⟨

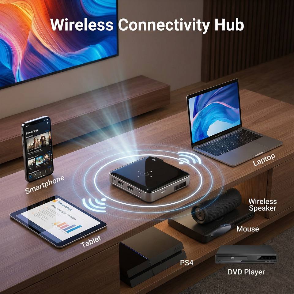 แบตเตอรี่ในตัว: สามารถใช้งานแบบพกพาได้นานสูงสุด 1.5 ชั่วโมง ทำให้สะดวกสำหรับการนำเสนอขณะเดินทางหรือคืนภาพยนตร์กลางแจ้ง
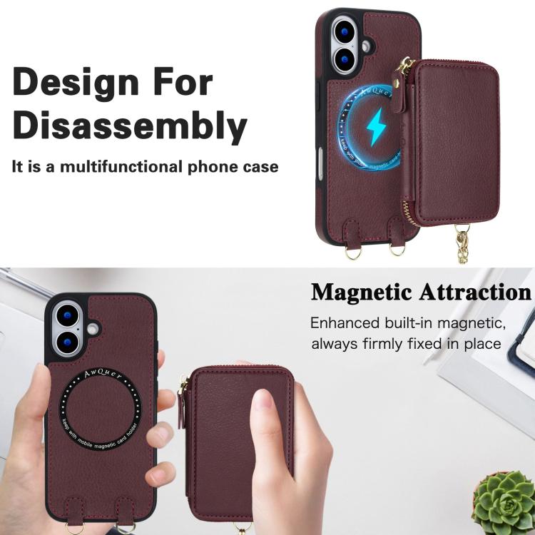 Funda tipo cartera bandolera con cremallera AwQuer 2 en 1 para iPhone 17, con parte trasera de cuero (rojo vino).
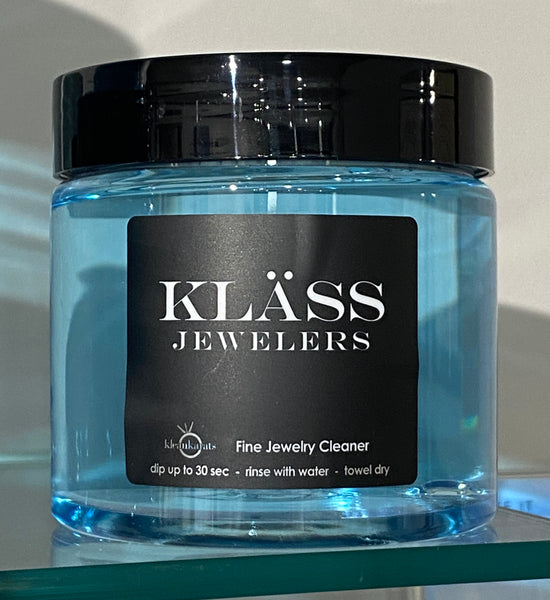 Klass Jewelers fine jewelry cleaner for cleaning jewelry at home. Soak piece up to 30 seconds, rinse with water and towel dry. Not recommended for colored stones. Klass Jewelers recommends getting your jewelry professionally cleaned and checked every 6 months to a year.
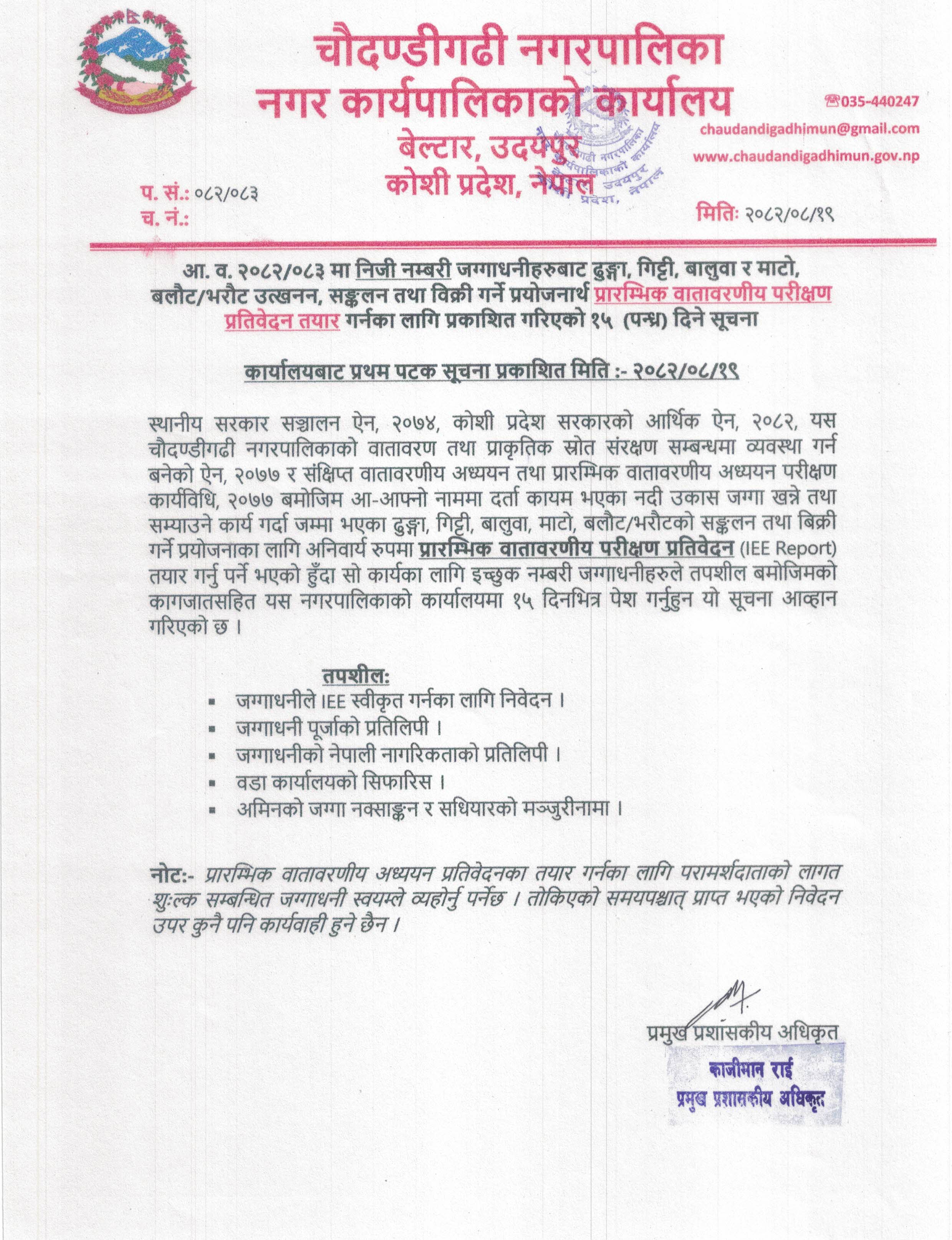 आ. व. २०८२/०८३ मा निजी नम्बरी जग्गाधनीहरुबाट दुङ्गा, गिट्टी, बालुवा र माटो, बलौट/भरौट उत्खनन, सङ्कलन तथा विक्री गर्ने प्रयोजनार्थ प्रारम्भिक वातावरणीय परीक्षण प्रतिवेदन तयार गर्नका लागि प्रकाशित गरिएको १५ (पन्ध्र) दिने सूचना ।

⟩

▶ **Directions for this task**:
When you return the listing, keep it exact and omit any pictures it holds.

▶ **Exercise answer**:
 แบตเตอรี่ในตัว: สามารถใช้งานแบบพกพาได้นานสูงสุด 1.5 ชั่วโมง ทำให้สะดวกสำหรับการนำเสนอขณะเดินทางหรือคืนภาพยนตร์กลางแจ้ง
 Funda tipo cartera bandolera con cremallera AwQuer 2 en 1 para iPhone 17, con parte trasera de cuero (rojo vino).
 Klass Jewelers fine jewelry cleaner for cleaning jewelry at home. Soak piece up to 30 seconds, rinse with water and towel dry. Not recommended for colored stones. Klass Jewelers recommends getting your jewelry professionally cleaned and checked every 6 months to a year.
 आ. व. २०८२/०८३ मा निजी नम्बरी जग्गाधनीहरुबाट दुङ्गा, गिट्टी, बालुवा र माटो, बलौट/भरौट उत्खनन, सङ्कलन तथा विक्री गर्ने प्रयोजनार्थ प्रारम्भिक वातावरणीय परीक्षण प्रतिवेदन तयार गर्नका लागि प्रकाशित गरिएको १५ (पन्ध्र) दिने सूचना ।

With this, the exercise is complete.